De multiples obstacles à sa carrière
Plusieurs facteurs ont nui à la carrière du super jumbo et ont contribué à lui donner cette si courte espérance de vie opérationnelle. Parmi eux se comptent des difficultés industrielles au niveau du système de câblage qui ont repoussé de deux ans son entrée en service, la portant au moment de la crise financière de 2008, et ont fait exploser les coûts de développement. Plus tard, après l’accident de l’A380 de Qantas, des criques ont été détectées au niveau des ailes, puis au niveau des portes.
Par ailleurs, les compagnies aériennes n’ont pas répondu à l’évolution du trafic comme Airbus l’avait espéré. L’avionneur misait en effet sur le développement du modèle de hub, qui permettait de remplir des appareils de grande capacité avec des vols d’alimentation. Cela a fonctionné dans le Golfe et notamment chez Emirates qui a laissé tout son modèle reposer sur le concept de hub mondial.
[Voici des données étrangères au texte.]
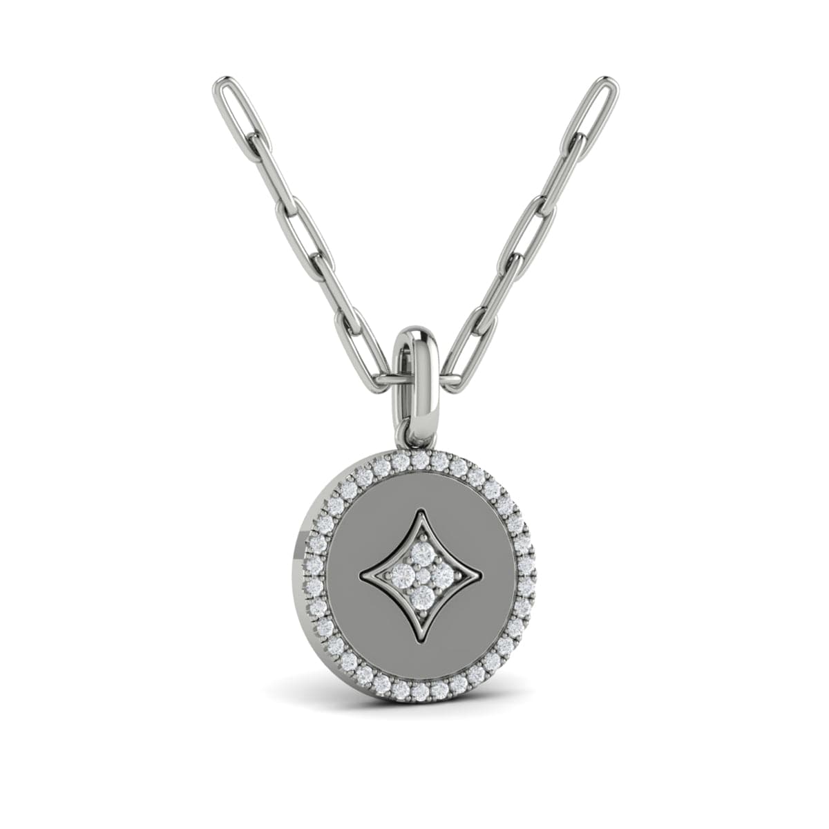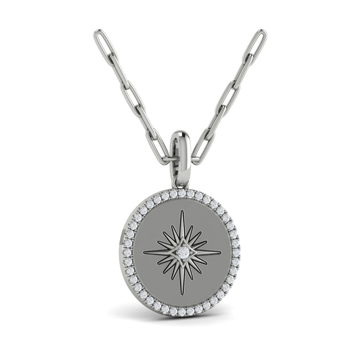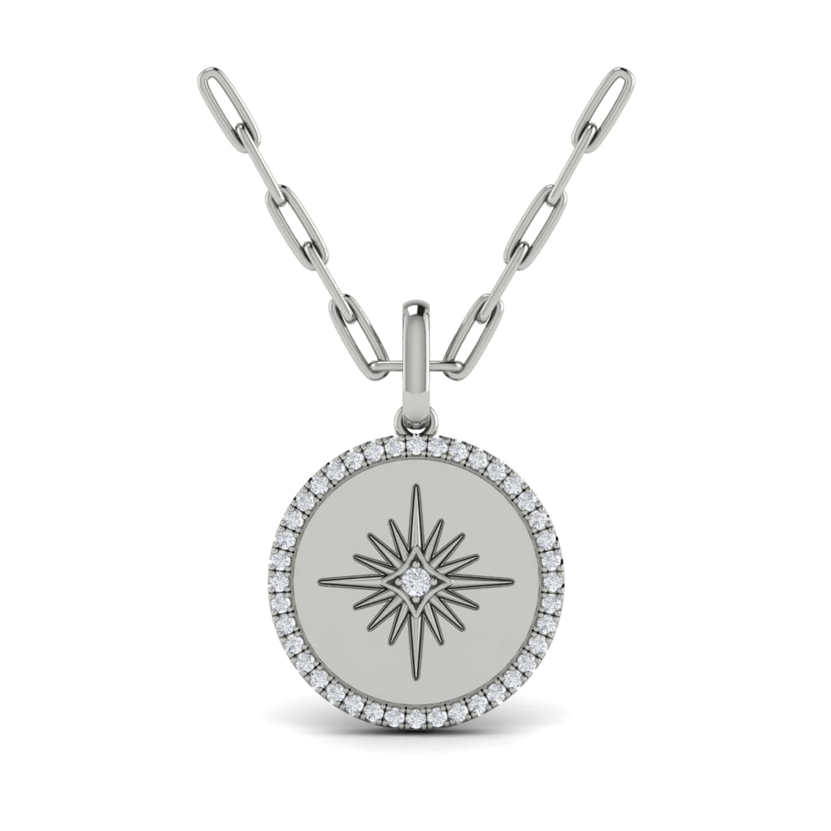 Diamond Sun Pendant Link Necklace

Mais ailleurs, c’est le point à point, donc les vols directs, et la multiplication des fréquences sur les routes très demandées qui ont été privilégiés, avec des appareils de taille intermédiaire, plus faciles à remplir et à rentabiliser, au détriment des avions de très grande capacité.
Enfin, les biréacteurs se sont avérés plus efficaces, le 777 tout d’abord puis les appareils de nouvelle génération que sont les 787 et A350, qui répondent par ailleurs mieux aux préoccupations environnementales croissantes de l’opinion publique.
Sans nouveau client depuis 2016 (ANA pour trois appareils) puis après la volte-face d’Emirates en 2018 qui choisit d’annuler 39 appareils en faveur des 787 et A350, Airbus annonce la fin du programme en 2019 et la fin de la production pour 2021. Aujourd’hui, l’appareil est sorti de l’offre de l’avionneur et sa ligne d’assemblage final (site Lagardère) est en reconversion pour accueillir une nouvelle ligne d’assemblage pour la famille A320.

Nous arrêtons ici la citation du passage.